[Start of Attachment]

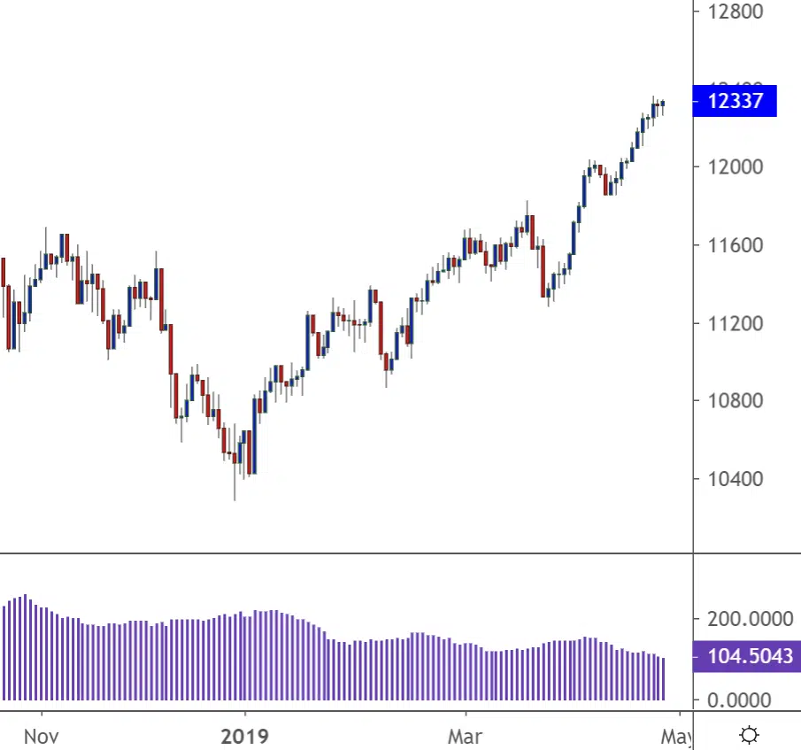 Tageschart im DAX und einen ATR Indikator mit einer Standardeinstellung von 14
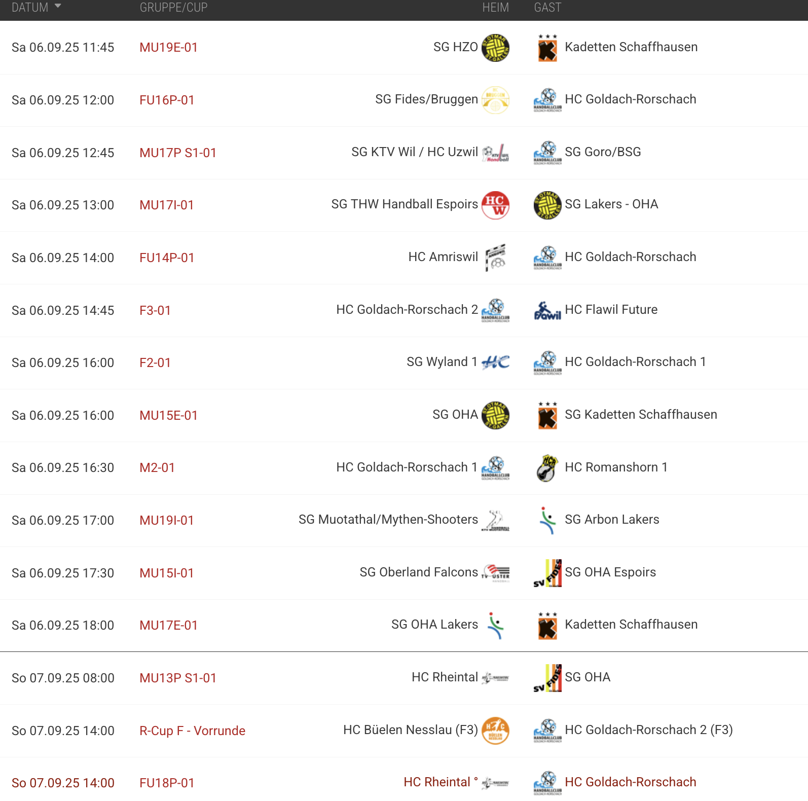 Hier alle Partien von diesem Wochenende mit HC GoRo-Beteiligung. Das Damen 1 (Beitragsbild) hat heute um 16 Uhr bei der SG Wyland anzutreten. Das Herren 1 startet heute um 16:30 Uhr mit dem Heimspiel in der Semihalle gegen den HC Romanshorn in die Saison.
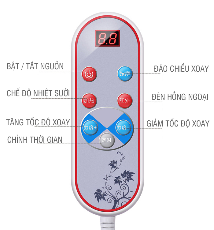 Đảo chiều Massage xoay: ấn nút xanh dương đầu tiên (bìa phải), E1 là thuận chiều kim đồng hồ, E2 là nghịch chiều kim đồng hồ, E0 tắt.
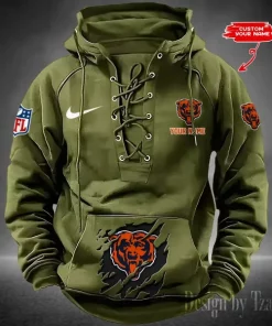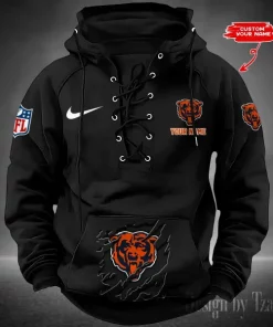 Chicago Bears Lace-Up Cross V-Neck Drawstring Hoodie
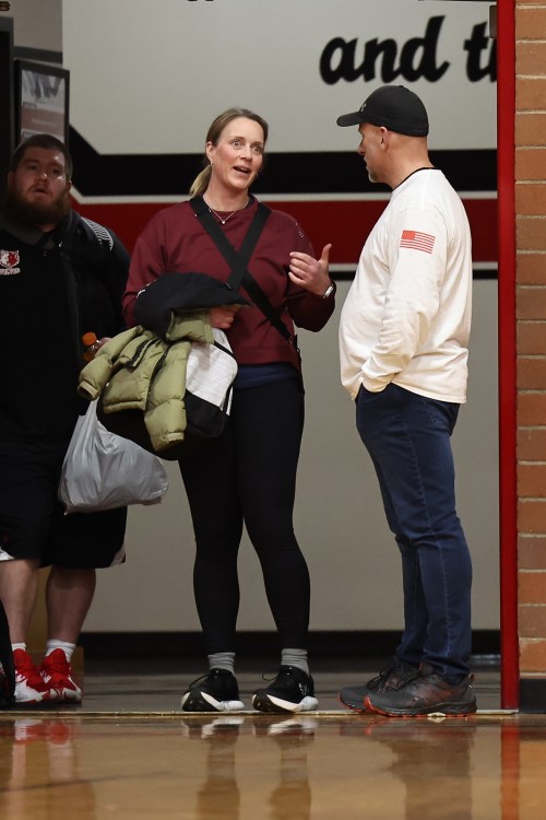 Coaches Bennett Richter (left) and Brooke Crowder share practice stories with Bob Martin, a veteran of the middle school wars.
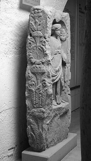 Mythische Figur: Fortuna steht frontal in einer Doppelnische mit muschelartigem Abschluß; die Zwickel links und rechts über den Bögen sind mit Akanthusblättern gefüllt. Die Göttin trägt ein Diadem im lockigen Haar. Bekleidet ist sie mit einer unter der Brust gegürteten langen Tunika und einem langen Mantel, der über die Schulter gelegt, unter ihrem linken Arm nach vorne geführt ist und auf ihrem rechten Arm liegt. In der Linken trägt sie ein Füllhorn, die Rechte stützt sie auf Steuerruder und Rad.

[End of Attachment]
[Start of Attachment]

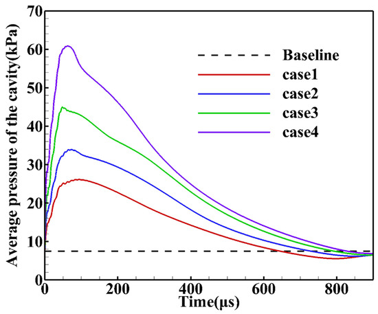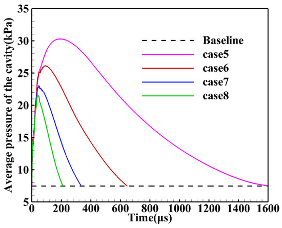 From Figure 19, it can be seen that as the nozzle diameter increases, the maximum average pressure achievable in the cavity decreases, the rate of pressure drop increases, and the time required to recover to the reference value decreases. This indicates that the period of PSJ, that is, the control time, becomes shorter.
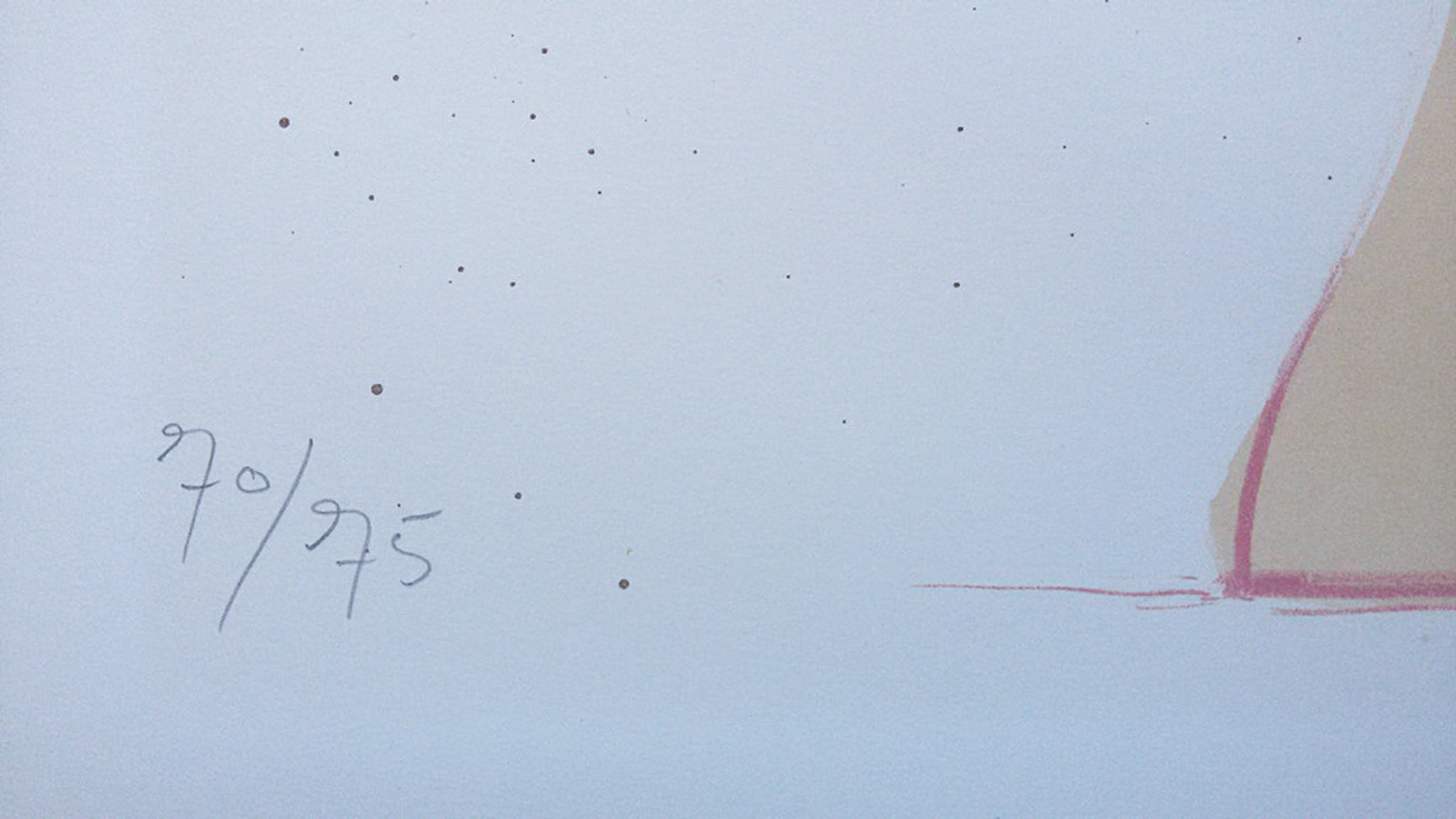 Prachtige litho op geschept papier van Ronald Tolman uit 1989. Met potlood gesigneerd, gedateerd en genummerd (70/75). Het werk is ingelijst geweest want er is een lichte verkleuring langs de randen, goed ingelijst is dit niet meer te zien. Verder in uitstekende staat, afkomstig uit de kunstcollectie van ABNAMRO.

[End of Attachment]

Look through the material above. Transcribe exactly the lines between the ones with "Hier alle Partien" and "Coaches Bennett Richter", inclusive, and keep pictures out.

 Hier alle Partien von diesem Wochenende mit HC GoRo-Beteiligung. Das Damen 1 (Beitragsbild) hat heute um 16 Uhr bei der SG Wyland anzutreten. Das Herren 1 startet heute um 16:30 Uhr mit dem Heimspiel in der Semihalle gegen den HC Romanshorn in die Saison.
 Đảo chiều Massage xoay: ấn nút xanh dương đầu tiên (bìa phải), E1 là thuận chiều kim đồng hồ, E2 là nghịch chiều kim đồng hồ, E0 tắt.
 Chicago Bears Lace-Up Cross V-Neck Drawstring Hoodie
 Coaches Bennett Richter (left) and Brooke Crowder share practice stories with Bob Martin, a veteran of the middle school wars.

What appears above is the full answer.